An open-source program package for numerical diagonalization based on the Lanczos method, specialized for spin chains with unit spin magnitude, S=1. This package, which uses another open-source program package, TITPACK, calculates eigenenergies and eigenvectors of ground states and low-lying excited states of spin chains with finite length. By the subspace partitioning method, both memory and cpu-time requirements are considerably reduced.
An open source application implementing path-integral Monte Carlo method based on Stochastic Green function method. Finite temperature calculation of extended Bose Hubbard model and Heisenberg model with finite field can be treated. JSON and YAML formats are adopted for data I/O.
Pomerol is an app for calculation one- and two-body Green’s function at finite temperatures for the Hubbard-type model based on the full exact diagonalization. Pomerol is written in C++ and supports the hybrid parallelization (MPI+openMP).
An open-source application for simulation of low-dimensional interacting electron models based on density-matrix renormalization group (DMRG). For effective models of one-dimensional quantum systems and impurity systems, this application can treat not only physical quantities of ground states but also time evolution and finite-temperature physical quantities. The program is coded in C++, and can be called from MATLAB scripts.
ComDMFT is a massively parallel computational package to study the electronic structure of correlated-electron systems. Users can perform a parameter-free method based on ab initio linearized quasiparticle self-consistent GW (LQSGW) and dynamical mean field theory (DMFT).
DDMRG (DynamicalDMRG) is a program for analyzing the dynamical properties of one-dimensional electron systems by using the density matrix renormalization group method. It simulates excited or photo-induced quantum phenomena in Mott insulators, spin-Peierls materials, organic materials, etc. Parallel computational procedures for linear and non-linear responses in low dimensional electron systems and analyzing routines for relaxation processes of excited states induced by photo-irradiation are available.
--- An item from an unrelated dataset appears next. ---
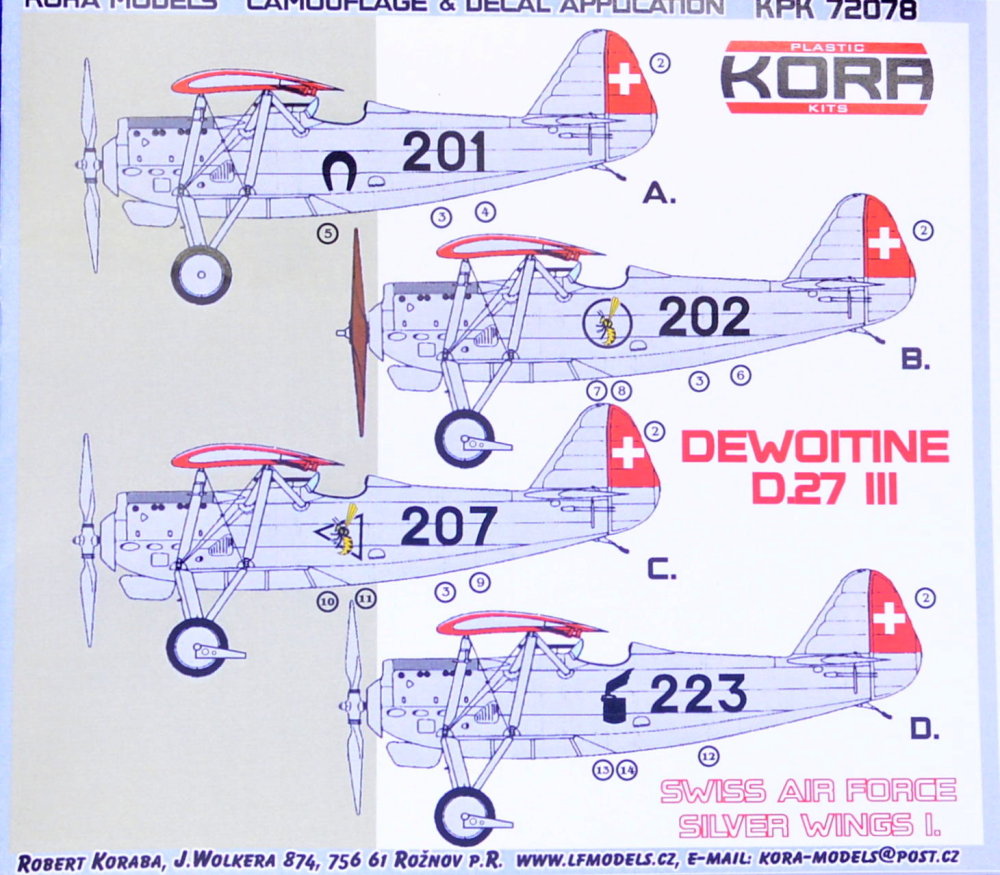 KORA MODEL - 1/72 Dewoitine D.27 III. Swiss AF Silver Wings I

Fortran codes for computing the specified k-th eigenvalue and eigenvector for generalized symmetric definite eigenvalue problems. Sylvester’s law of inertia is employed as the fundamental principle in computations, and the sparse direct linear solver (MUMPS) is used in the main routine. By inputting Hamiltonian and its overlap matrices, user can compute electron’s energy and its wave function in the specified k-th energy level.
A sparse-modeling tool for computing the spectral function from the imaginary-time Green function. It removes statistical errors in quantum Monte Carlo data, and performs a stable analytical continuation. The obtained spectral function fulfills the non-negativity and the sum rule. The computation is fast and free from tuning parameters.
Kω implements large-scale parallel computing of the shifted Krylov subspace method. Using Kω, dynamical correlation functions can be efficiently calculated. This application includes a mini-application for calculating dynamical correlation functions of quantum lattice models such as the Hubbard model, the Kondo model, and the Heisenberg model in combination with the quantum lattice solver of quantum many-body problems, HΦ.
QDS (Quantum Dynamics Simulator) is a program for computing magnetization curves and spectra of electron-spin resonance (ESR) in molecular magnets. Input data of this program can be magnetic interactions, the shape of a molecule, etc. Calculation is carried out with the combination of exact diagonalization, the quantum master equation, and the Kubo formula. It can be chosen whether the dissipation exists or not in the calculations of dynamical magnetization curves.